В ответе Беньямина не слышно оправдательного тона, с которым он иногда реагировал на слова своего друга, критиковавшего Беньямина за его недостаточный иудаизм. В своих размышлениях по поводу вопроса о том, каким образом воспринимать «в духе Кафки проекцию Страшного суда на всемирную историю», Беньямин подчеркивал неспособность Кафки дать ответы, проистекавшую из пустоты, которую он ощущал вместо спасения. «Я ставил своей целью показать, как Кафка пытался – на нижней стороне этой „пустоты“, так сказать, под ее подкладкой, – прийти к спасению. Из этого следует, что любая победа над этой пустотой… была бы для него отвратительна» (BS, 129).
В качестве своего рода ответа и с тем, чтобы целенаправленно скорректировать круг чтения Беньямина, Шолем послал ему длинное стихотворение, так же, как поступил в ходе дискуссий об Angelus Novus. Обращение Шолема к поэзии в обоих случаях могло быть сознательной провокацией, бросающей вызов воззрениям первого литературного критика той эпохи посредством откровенно плохих стихов. Ответ Беньямина привязан к ключевым идеям стихотворения Шолема, обходя молчанием его эстетические достоинства:
1. Я бы хотел осторожно охарактеризовать взаимоотношения между моим эссе и твоим стихотворением следующим образом: ты берешь «пустоту откровения» в качестве своей отправной точки… искупительно-исторической перспективы сложившихся судебных процедур. Я же беру в качестве отправной точки слабую, абсурдную надежду, а также тех существ, для которых эта надежда предназначается и в которых же вместе с тем отражается эта абсурдность.
2. Если я объявляю стыд самой мощной реакцией со стороны Кафки, то это ни в коем случае не противоречит моей интерпретации в целом. Напротив, изначальный мир, тайное настоящее Кафки, является исторически-философским указателем, выводящим эту реакцию за рамки частной сферы. Ибо было сорвано – если придерживаться изложения Кафки – действие Торы.
3. Именно в этом контексте встает проблема Писания. Потеряли его ученики или же они оказались неспособны расшифровать его, приводит к одному и тому же итогу, поскольку Писание в отсутствие прилагающегося к нему ключа – это не Писание, а жизнь. Жизнь, идущая в деревне у подножия холма, на котором стоит замок. Именно в этой попытке превратить жизнь в Писание я усматриваю смысл «разворота», который является целью многих иносказаний Кафки – в качестве примеров можно привести «Соседнюю деревню» и «Верхом на ведре». Образцовым является и существование Санчо Пансы [из «Правды о Санчо Пансе»], поскольку оно фактически сводится к перечитыванию своего собственного существования, каким бы шутовским и донкихотским оно ни было.

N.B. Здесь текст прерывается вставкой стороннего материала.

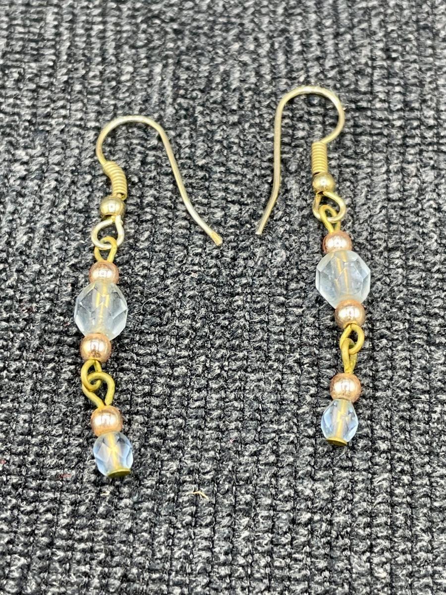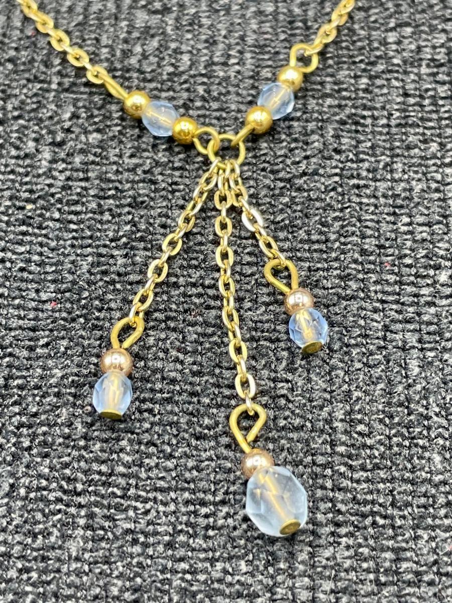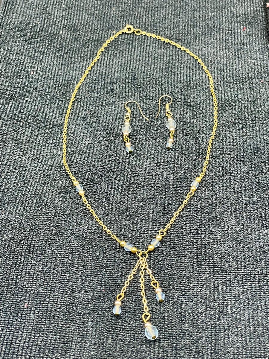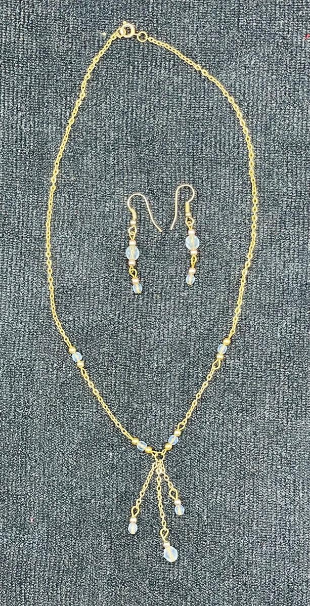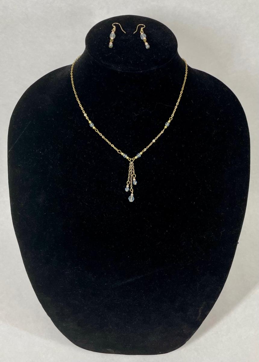 Gold-tone necklace chain and 3 dangling blue stones. Matching earrings for pierced ears.

4. Я с самого начала подчеркивал, что ученики, «потерявшие Писание», не принадлежат к гетерическому миру, потому что я причисляю их к помощникам тех существ, для которых, по словам Кафки, имеется «бесконечно много надежды».
5. То, что я не отрицаю присутствия в творчестве Кафки компонента откровения, вытекает уже из моей оценки его мессианского аспекта, выражающейся в объявлении его произведений «искаженными». Мессианской категорией у Кафки служит «разворот» или «изучение». Ты верно полагаешь, что я хочу изменить не путь, которым идет теологическая интерпретация сама по себе – я сам пользуюсь этим путем, – а только ту надменную и легкомысленную его разновидность, которая порождена Прагой [то есть Максом Бродом] (BS, 134–135).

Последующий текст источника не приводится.